Creative Education Studio Revolutionizing the Georgian Music Scene
Interview
Natia Sartiana-Kituashvili, also known as sTia, founded the Creative Education Studio in Tbilisi, a design, audio and music media school which aims to develop a new generation of talented, creative people in the art and music fields.
Natia, a classical pianist by origin, having played for the Tbilisi Philharmonic Orchestra at the tender age of seven, continued her education in London, UK. Her approach to music found its expression in different genres and so it happened that she became one of the first female DJs to bring Drum´n´Bass to Georgia.
In 2011, she founded the CES and later, in 2018, the record studio CES Records, which just recently published its first disc ´Sleepers, Poets, Scientists´. The Calvert Journal described this as a “gentle, healing record; a respite from the industrial, bass-heavy ´new club music´.“
GEORGIA TODAY met the founder of the experimental school for an interview on location in Fabrika to find out more.
Why did you found the Creative Education Studio?
Eight years ago, there was no place like CES and we were completely unfamiliar with new technologies in music and music media. Georgia, and Georgian musicians especially, were pretty desperate at that time, so we wanted to fill this gap.
How has your school grown in the past eight years?
We started CES in a small room running just two or three courses, including sound engineering, DJing and music production, with only 11 students. Now we have 1,500 graduated students and more than 400 currently involved in studying. This is our third location in Tbilisi. We´re expanding in all directions and have 15 different active courses with different lengths in five studios.
What is the CES mission?
CES is, first of all, a place to connect people with the same interests. It is the perfect space for collaboration. Our students can develop their creative, artistic selves freely and find like-minded people to work with.
What is the message you want to share with your students?
Try to make living from something you really love. There are so many people who spend their time working on something they don´t really like, but I want my students to stick with what they really love and spend their time wisely.
Do a lot of your students aim to work abroad?
It‘s not like it used to be; 10 years ago everyone wanted to leave Georgia and do something incredible abroad. Now, more and more youngsters are happy to stay here, setting up their own businesses. Now they can survive here, doing what they love. We have better times and more youngsters are involved: they feel empowered to change things.
Where would you like to see your school in 10 years?
We definitely want to expand. We‘re planning to have twice the number of studios and to offer a degree.
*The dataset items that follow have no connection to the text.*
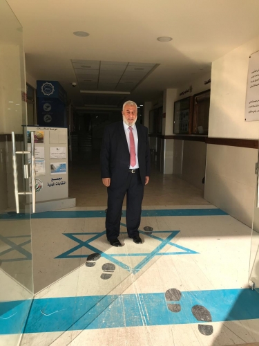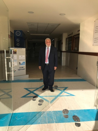 وتقدم ابو السيد بالشكر لمجمعات النقابات المهنية على وضع صورة علم الصهاينة على ابواب المجمعات في المحافظات.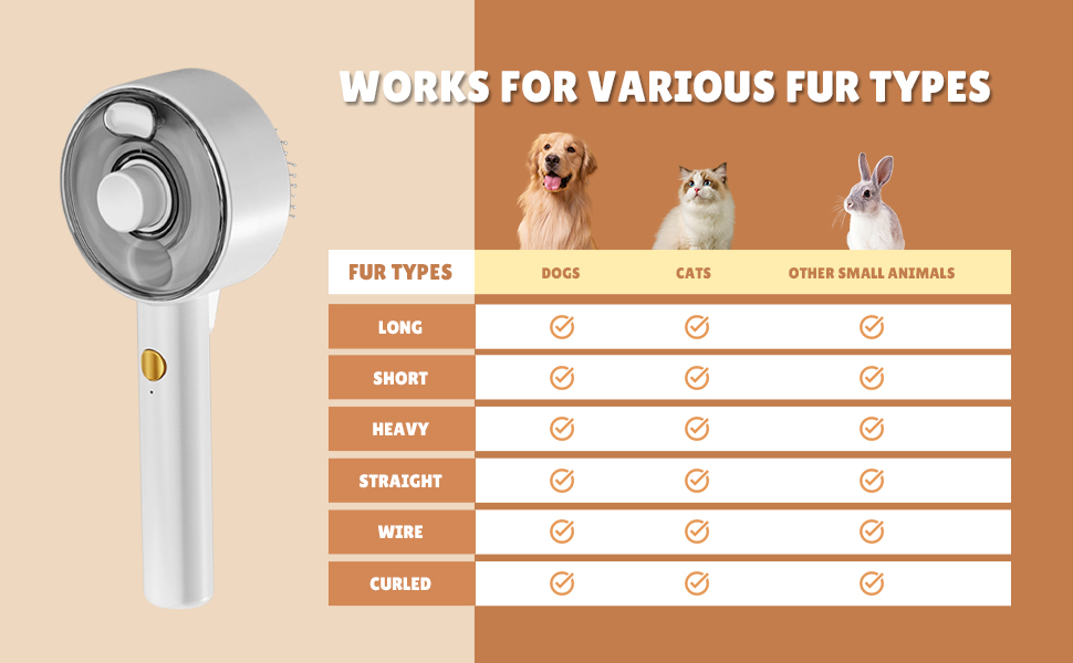 【Adjustable Dual Spray Modes & One-Click Hair Removal】Featuring two adjustable spray modes, this steam cat brush allows you to choose the mist intensity based on your pet’s fur type. A long press activates the purple light, aiding in thorough cleaning. The fine mist helps manage pet hair, and the one-click hair removal button ensures easy cleanup after grooming. This cat deshedding brush is perfect for maintaining a tidy, healthy coat with minimal effort.
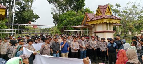 Ketua DPRD Kabupaten Pelalawan, Syafrizal, menerima para pengunjuk rasa di gedung DPRD Pelalawan

We still have lots of students who are at university and studying there for a degree and in parallel working with us. Hopefully, in 10 years, we can give them the chance to take fulltime studies at CES.
Tell us about CES Records.
CES Records, started this year, was a big step forwards, and we‘ve already released a compilation of nine female local artists, called ´Sleepers, Poets, Scientists´. Now we are about to release something new in May and another one in June, with a total of five releases set for this year. It makes the perfect platform for students to take their music out and into the world.
Tell us about your new release.
Our new release is going to be published on May 16, a music single called ´RunRun,' with two covers. The single comes with a fairytale by well-established Georgian writer Nestan Nene Kvinikadze and an artbook of photographs of the high mountains of Tusheti from Uta Bekaia. It also comes with the sheet music, so you can actually play the music yourself. We try to do more than just music: we want to make this label something special and unique in the music scene.